Aggiornamento: 17 feb 2023

La conferenza alla Macroarea di Lettere a TorVergata su “Violenza Urbana e Diversità” organizzata dal Prof. Piero Vereni è stata un’occasione di confronto.


Sono intervenuti Massimo Ilardi, sociologo urbano; Andrea Priori, antropologo; Francesco Tieri, portavoce CAIL; S. N. Allam (BACHCU) presidente Dhuumcatu, e David Tozzo presidente di ACORN Italy.


Il tema ha riguardato la diversità nella contesa dello spazio urbano, sempre più additata come fonte di pericolo.


Lo spazio, nel tempo presente, dove il presente è territorio, che opera e divide, assume le forme di un contenitore esplosivo di conflittualità; paradossalmente questo avviene nell’epoca decantata come della condivisione, della connettività, del social; così da identificare due mondi distinti dove prevalgono in uno le pratiche del territorio e nell’altro le pratiche della rete, creando dei conflitti, tra chi lo abita e chi lo influisce governandolo.


Lo spazio è a somma zero, due individui non possono occupare lo stesso spazio senza innescare delle conflittualità.
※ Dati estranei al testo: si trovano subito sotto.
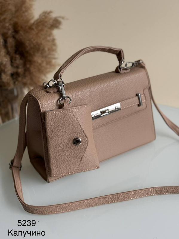 Женская сумка сумочка маленькая в комплекте с кошельком свет коричневая кожаная из эко кож...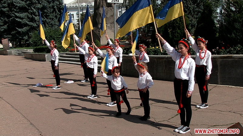 Долучитися та намалювати патріотичний малюнок міг будь-хто. На майдані Корольова також влаштували показ театральної постановки «Символи України». Діти декламували патріотичні вірші, танцювали та співали.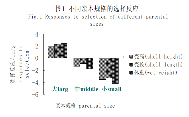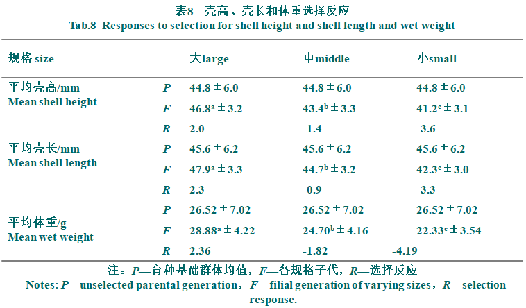 Newkirk等(1983)报道,对二龄欧洲牡蛎(Ostrea edulis)体重进行个体选择,第一代体重平均比对照组高23%;刘志刚等(2007)对墨西哥湾扇贝进行群体选择,正向选择第一代壳高比亲代提高4.5%、体重提高8.9%,选择反应见下表及图。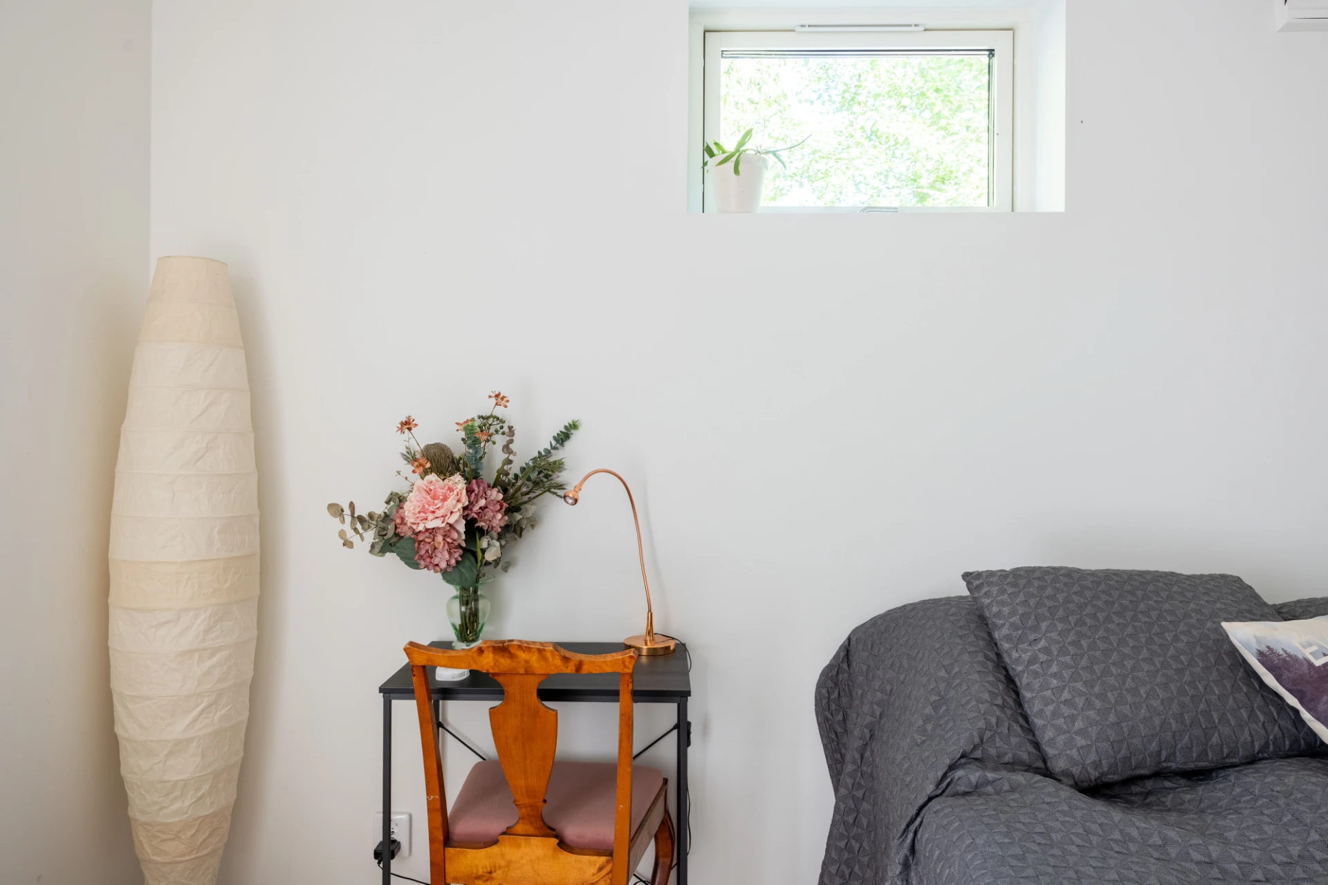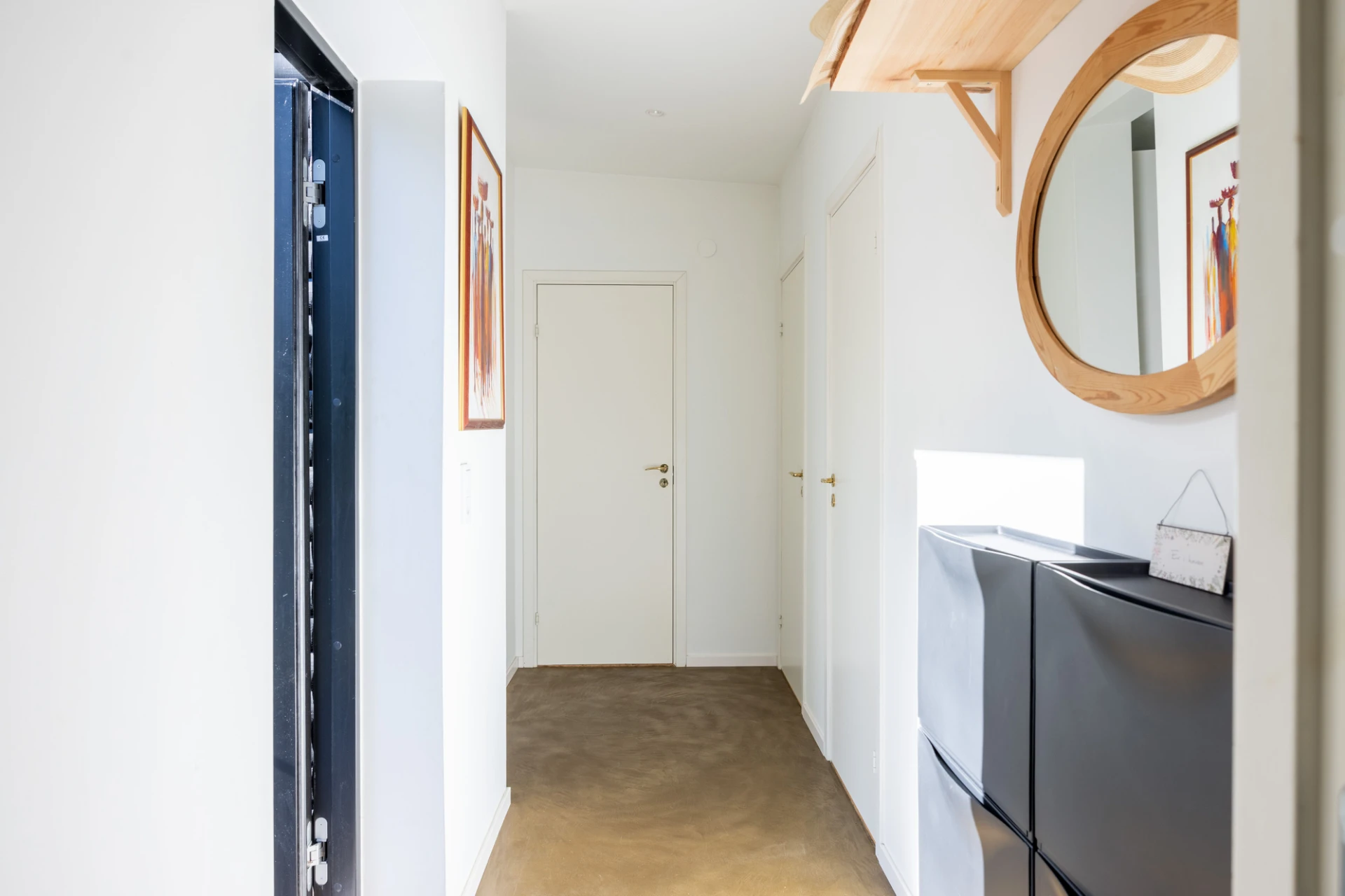 Mörkt golv och vita väggar.

Da questo monopolio dello spazio è nata l’attitudine/propensione/necessità ad occupare lo spazio. L’obbiettivo è la domanda di libertà, senza nessuna regola e senza nessuna legge: questo non è giusto, ma è l’attualità conformata e confermata.




L’Islam in questo vive una costrizione di condizione nell’occupare uno spazio pubblico, destinandolo, momentaneamente, ad uso privato: l’hidden islam delle nostre città, dove i musulmani pregano ovunque trovino spazio, nascosti nel pubblico: nei retro dei locali, dei ristoranti, nelle cantine, negli scantinati, nelle vie secondarie, tra una macchina e l’altra, stendono un tappetino a terra, portano le mani a conca al viso e pregano.
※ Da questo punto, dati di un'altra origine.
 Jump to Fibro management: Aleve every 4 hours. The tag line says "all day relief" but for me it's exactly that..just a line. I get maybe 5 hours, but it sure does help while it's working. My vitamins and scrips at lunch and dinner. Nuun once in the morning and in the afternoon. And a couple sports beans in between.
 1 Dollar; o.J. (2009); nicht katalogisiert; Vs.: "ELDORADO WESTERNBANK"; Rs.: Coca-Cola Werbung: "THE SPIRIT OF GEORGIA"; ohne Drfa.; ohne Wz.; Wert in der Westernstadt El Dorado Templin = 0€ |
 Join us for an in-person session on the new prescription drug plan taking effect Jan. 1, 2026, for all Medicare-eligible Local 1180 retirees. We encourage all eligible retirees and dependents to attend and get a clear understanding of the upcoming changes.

Non c’è una norma per essere a norma. Mancano, in uno spazio di derivata origine nazionale-culturale locale, degli spazi che possano rendere a norma delle pratiche consuetudinarie di altre culture, che abitano lo stesso spazio.


L’opposizione al presente è ben visibile nel revanscismo di un sentimento nazionalista, che si abbatte sulla diversità, per una strenua difesa del passato (“l’appartenenza vive se ha un nemico davanti”). Posso chiamarlo blocco storico.


Viene proposto un superamento del concetto di diversità, a titolo di un coesistere integrato, accordando un punto d’incontro tra diversità momentaneamente conflittuali.